Iraq is a fractured chaos-state with ongoing sectarian violence, which has grown worse since the rise of ISIS. Iraq is far from the “model democracy” we intended for the region. The Iraqi people still suffer violence at the hands of a civil war and American bombs. Hundreds of civilians have been killed in Iraq by US and coalition forces in the anti-ISIS campaign in Mosul. Terrorism and sectarian violence continue to claim many lives.

Afghanistan is still rife with civil war. America cannot outright defeat the Taliban, and now ISIS has gotten involved. America’s sole purpose is to hold the fragile Afghan government together. This has become an increasingly challenging task. Corruption and despotism are still strong in Afghanistan. Like Iraq, Afghanistan is a violent and divided country with little prospect of seeing peaceful days anytime soon.

In 2011, the US and its allies intervened in Libya. What began as a no-fly zone against the Libyan air force escalated into full-blown regime change against Muammar Ghadafi. The intent to establish a pro-US democracy has failed horribly. Libya is still in civil war, with two effective governments battling for supremacy based in Tripoli and Tobruk. Violence and war is the everyday reality of Libyan life. Many thousands of civilians have suffered and will continue to suffer.

American intervention in Syria has also taken quite a toll. While Syria is a more nuanced conflict, American strikes have claimed an untold amount of civilian lives. While civilians are also killed by Syrian troops, rebels, and Russian strikes, the US is equally culpable in Syria’s suffering.

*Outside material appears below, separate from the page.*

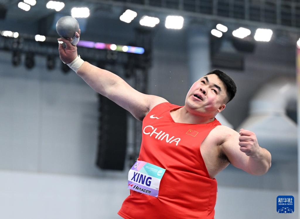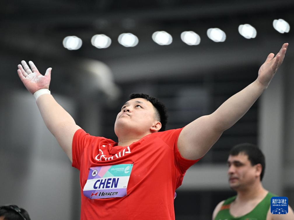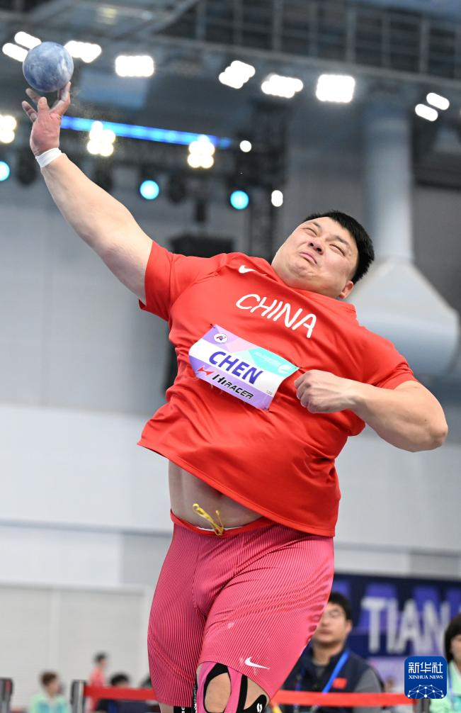 2月8日,中国选手陈成雨在比赛中,他在男子铅球决赛中夺得冠军。新华社记者 赵子硕 摄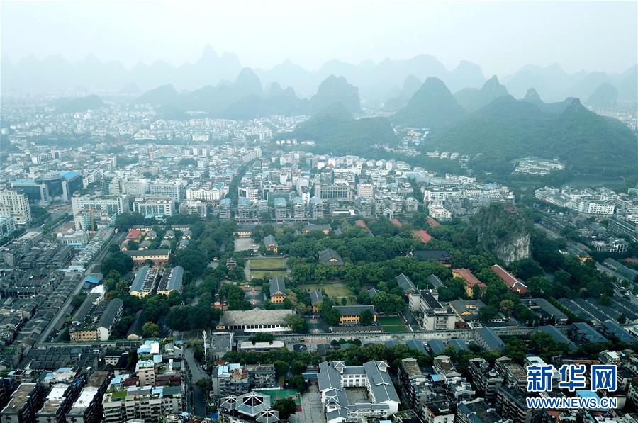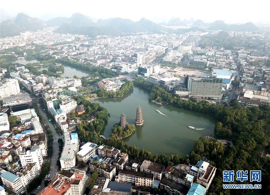 這是廣西桂林市的城市景觀(10月17日無人機拍攝)。  新華社記者 周華 攝

America has escalated its presence in Syria, continuing to supply aid to jihadist rebel groups. America now has de-facto ground forces in Syria as well, supposedly to fight ISIS. Even more Americans are in harm’s way, for a war that has little to do with American security.

What do we learn from war, ultimately? How can we as a species kill so many of each other, cause so much pain and hatred, and never learn how to move on. How many soldiers need to die? How many soldiers need to be maimed and traumatized for life? How many parents need to bury their children? How many innocent civilians need to perish and suffer? How long will it be until we fight another war to achieve the peace we find so elusive?

What lessons should we learn this Memorial Day? Do we continue to use our fallen soldiers to argue for more war? Do we argue for more destruction and death? Or should we recognize that our war dead have become victims. Can we at last honor our dead by recognizing the horror of war and commit to ending it once and for all?

We should all pay respects to the dead, both soldiers and civilians. The best way to honor the memory of the fallen is by saving those still alive. How should we support our troops this Memorial Day? End the wars, bring them home.